Тон его был непререкаем, Джованна снова смутилась и торопливо вышла.
Глава 8. Тени не пошутили
Если я пойду и долиною смертной тени, не убоюсь зла,
потому что Ты со мной; Твой жезл и Твой посох —
они успокаивают меня.
Пс.22:4
Оставшись в одиночестве, Джустиниани нахмурился. Неужели тени не пошутили? Пока случившееся казалось фантасмагорией. Насколько все это серьезно? Что за книги в сундуке Джанпаоло? Чей экслибрис на книге Агриппы? Кто такой Гаэтано Орсини? Кто такой Веральди? Кто выставил книгу на аукцион? Что должно произойти в доме Батистини?
Винченцо решил добраться до стоянки фиакров и поболтать с Джанни Черусти, знавшим город, как свои пять пальцев. Дом Батистини — это аристократический особняк? Вилла? Гостиница? Сколько сотен Батистини живет в Риме? Тем не менее, что-то смутно проступало на задворках памяти. Кроме того, Джустиниани положил себе вечером открыть сундук в спальне покойника. Что там? В юности он от скуки листал колдовские фолианты, читал даже гностиков и апокрифические книги Моисеевы, но всегда видел суетную глупость этих горделивых трактатов, игру на самомнении глупцов, надменном недомыслии ничтожеств, жаждущих ясновидения и обладания «безмерными духовными силами».

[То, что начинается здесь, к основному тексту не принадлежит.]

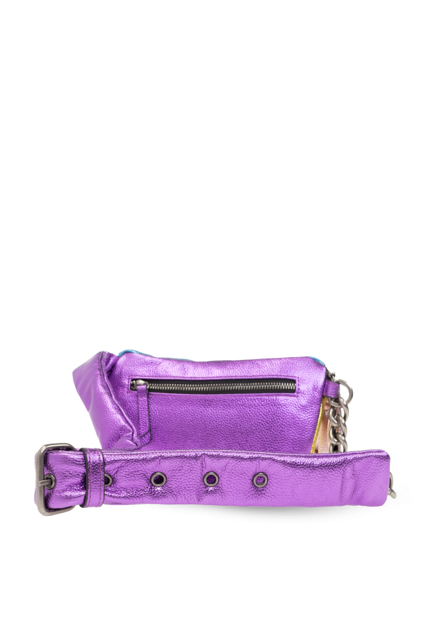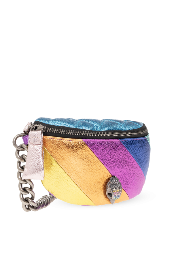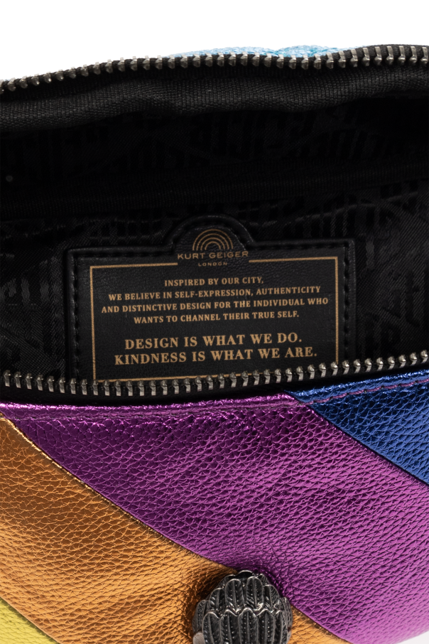 Multicolored ‘Kensington Small’ belt bag from Kurt Geiger. Crafted from leather with metallic finish, this model features two-way zip, stripe pattern, the brand’s signature eagle head embellished with crystals, zipped pocket and logo detail at the back, adjustable strap, one internal compartment and silver-tone metal hardware.

Тоже мне, мудрецы халдейские…
…Джустиниани застал своего старого знакомого в конюшнях, небритого, раздраженного вчерашним проигрышем в карты и страдающим с похмелья. Его появление, однако, встряхнуло Черусти: Джанни оторопел, узнав в расфранченном богаче своего партнера по фараону, учителя фехтования из Вермичино. Он уважительно покосился на его фрак, пощупал шелк рубашки, полюбовался роскошными запонками. «Сорвал банк?» Винченцо покачал головой, но распространяться о своих делах не стал и задал вопрос о доме Батистини. Он знает, где это? Черусти давно привык к лаконизму речи Винченцо, и почесал за ухом. «Дом Батистини? Есть такое. Пансион в Прати для богатых девиц, ведь не руиной же он интересуется?» Винченцо взглянул на возницу. «А есть и руина?» «Есть, на севере, в Кампо-Марцио, рядом со сгоревшей часовней Сан-Доминико». «Живет там кто-нибудь?» Черусти смерил его долгим взглядом. «Стекол в доме нет, судя по потекам на наружной стене, крыша течет, но переночевать там, наверное, можно». Джустиниани кивнул, сочувственно поинтересовался постным видом дружка и, узнав о проигрыше, сунул ему десять сардинских лир.
От конюшен он направился, миновав пять кварталов, на Сикстинскую. Здесь, в аукционных залах, знакомых у него не было, но его вид и манеры заставляли вслушиваться в его слова даже служителей. «Он купил книгу Корнелия Агриппы в прошлый четверг, надменно бросил он, и нашел между страниц сложенное письмо. Кто хозяин вещи, кому вернуть найденное?» Посредник уже торопливо листал книги лотов, однако, смущенно развел руками. Лот выставлен анонимно. Подошедший тем временем сторож, слышавший разговор, торопливо бросил.
— Это прислал мессир Орсини, он живет за рекой, на виа Кандия.
— Гаэтано Орсини? — уточнил Джустиниани. — Сам принес?
Сторож покачал головой.
— Нет, сам давно не приходил, ноги отказывают.
Погода стала портиться, накрапывал дождь. Винченцо по пути зашел в церковь Сан-Лоренцо, где в крипте застал отца Джулио за его обычном делом: бдением над Псалтирью. Монах, худой смуглый брюнет с длинным носом, близоруко сощурился, узнал его и кивнул.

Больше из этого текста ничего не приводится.